Repeat the records below exactly, from the first line through the line containing "The Visualizing and", and leave out any pictures.

------------------------------------------------------------------------

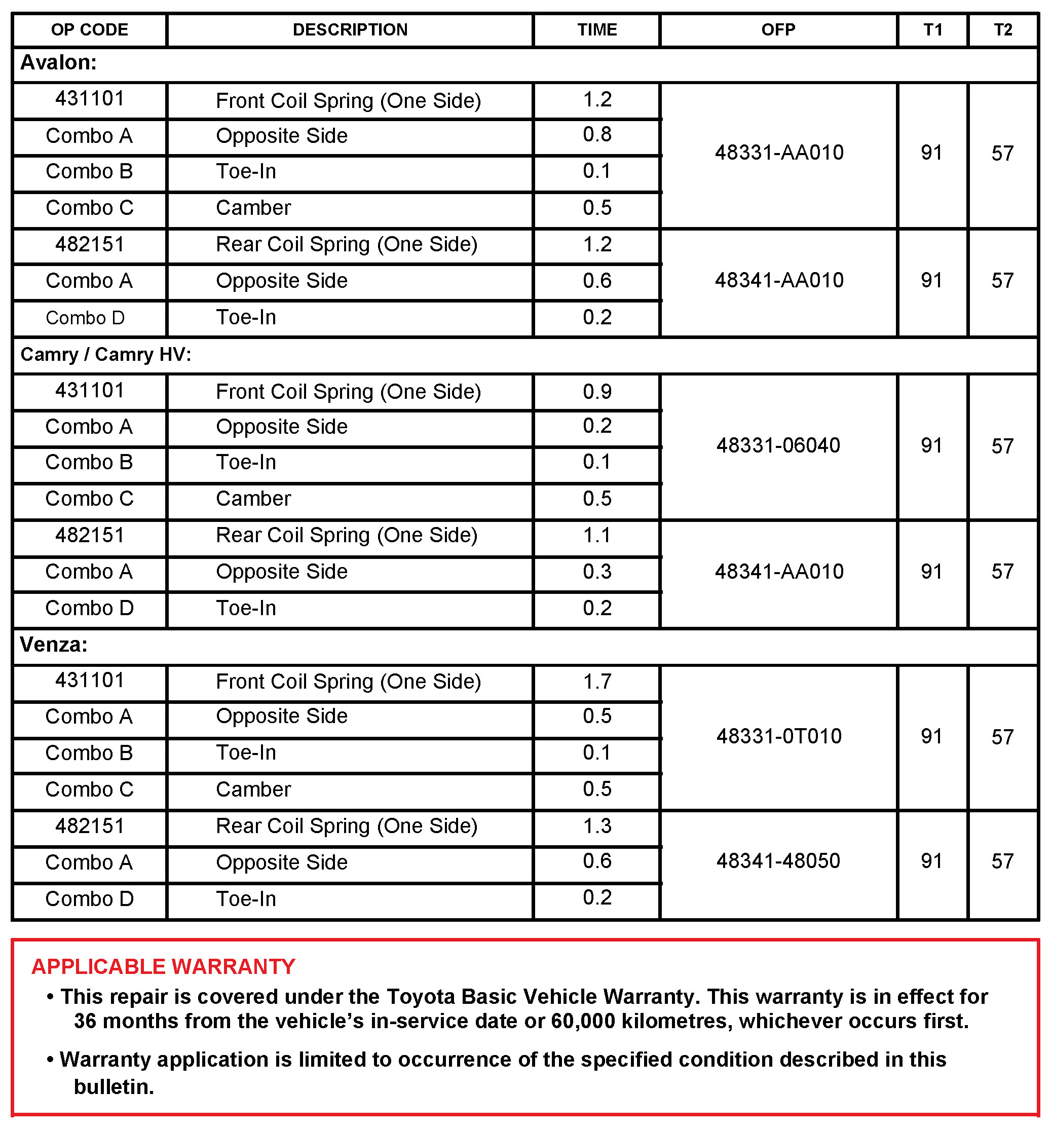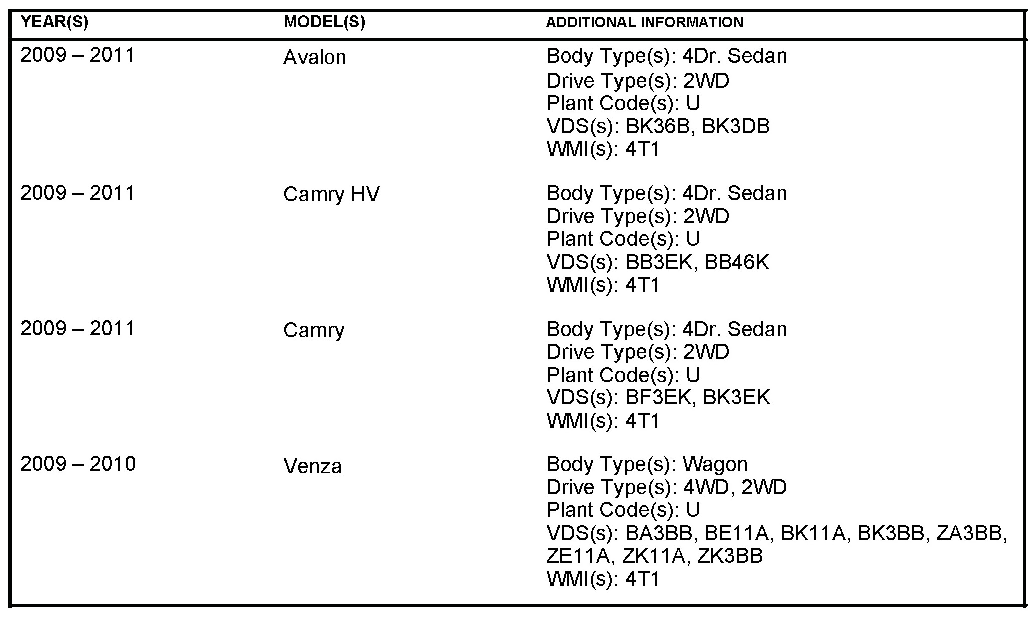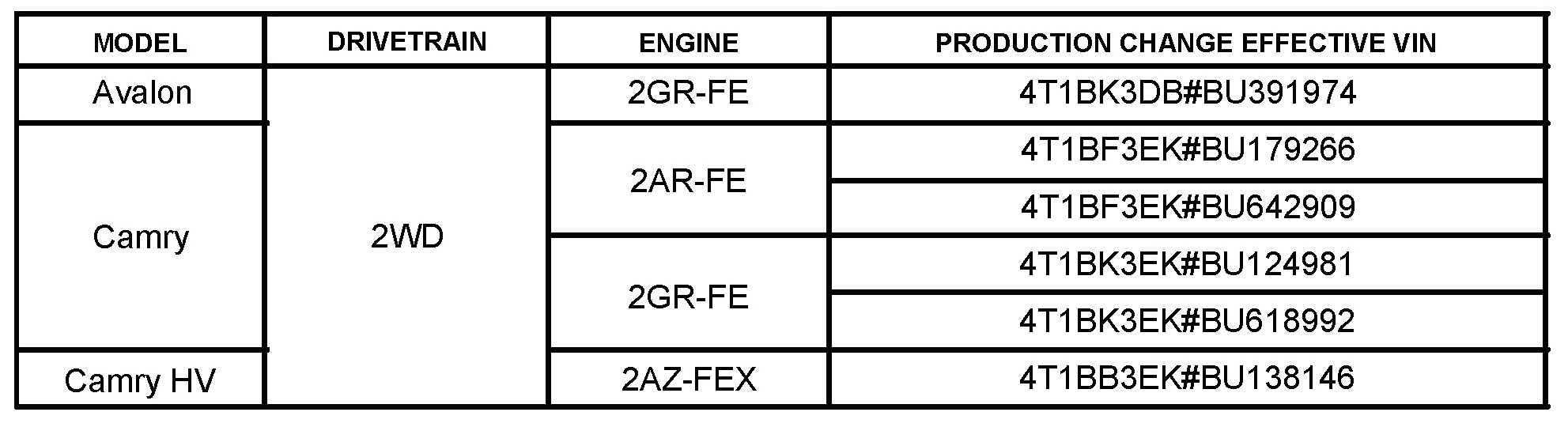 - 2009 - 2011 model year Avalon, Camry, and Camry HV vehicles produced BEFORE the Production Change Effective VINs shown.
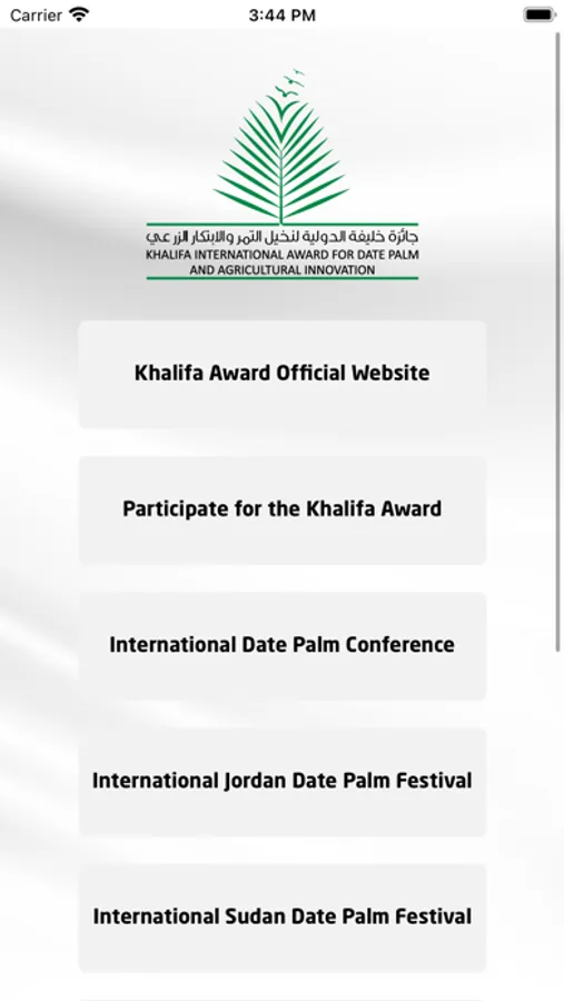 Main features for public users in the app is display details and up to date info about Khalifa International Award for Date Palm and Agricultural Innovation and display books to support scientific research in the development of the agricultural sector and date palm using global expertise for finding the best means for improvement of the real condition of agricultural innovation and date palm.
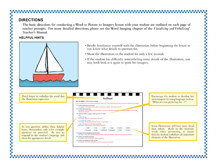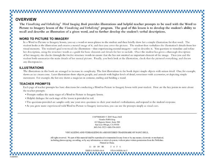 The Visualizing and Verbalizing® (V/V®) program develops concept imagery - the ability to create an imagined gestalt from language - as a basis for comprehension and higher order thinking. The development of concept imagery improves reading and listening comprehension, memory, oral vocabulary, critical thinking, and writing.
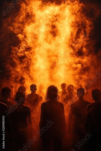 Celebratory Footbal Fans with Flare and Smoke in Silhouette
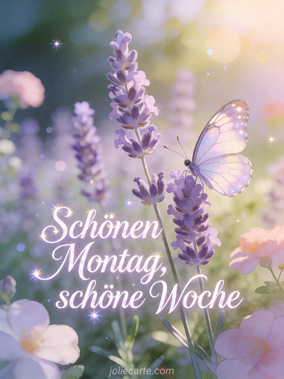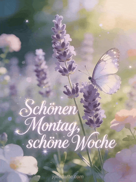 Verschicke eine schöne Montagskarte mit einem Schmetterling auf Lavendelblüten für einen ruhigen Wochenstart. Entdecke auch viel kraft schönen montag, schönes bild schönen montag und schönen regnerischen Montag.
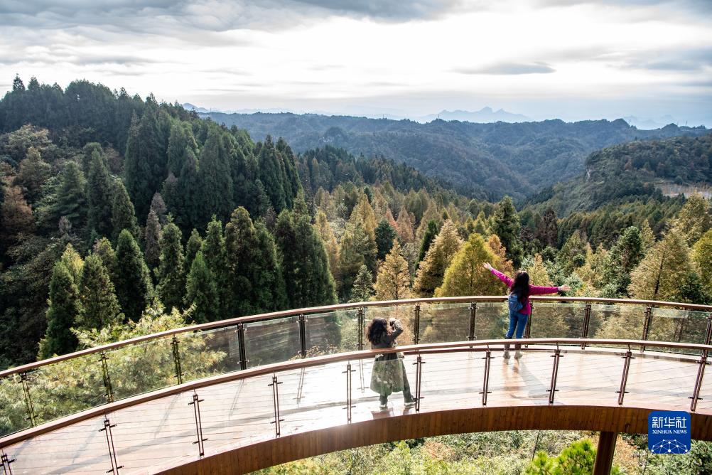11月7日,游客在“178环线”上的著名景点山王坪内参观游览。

------------------------------------------------------------------------

* [Answer area]
 - 2009 - 2011 model year Avalon, Camry, and Camry HV vehicles produced BEFORE the Production Change Effective VINs shown.
 Main features for public users in the app is display details and up to date info about Khalifa International Award for Date Palm and Agricultural Innovation and display books to support scientific research in the development of the agricultural sector and date palm using global expertise for finding the best means for improvement of the real condition of agricultural innovation and date palm.
 The Visualizing and Verbalizing® (V/V®) program develops concept imagery - the ability to create an imagined gestalt from language - as a basis for comprehension and higher order thinking. The development of concept imagery improves reading and listening comprehension, memory, oral vocabulary, critical thinking, and writing.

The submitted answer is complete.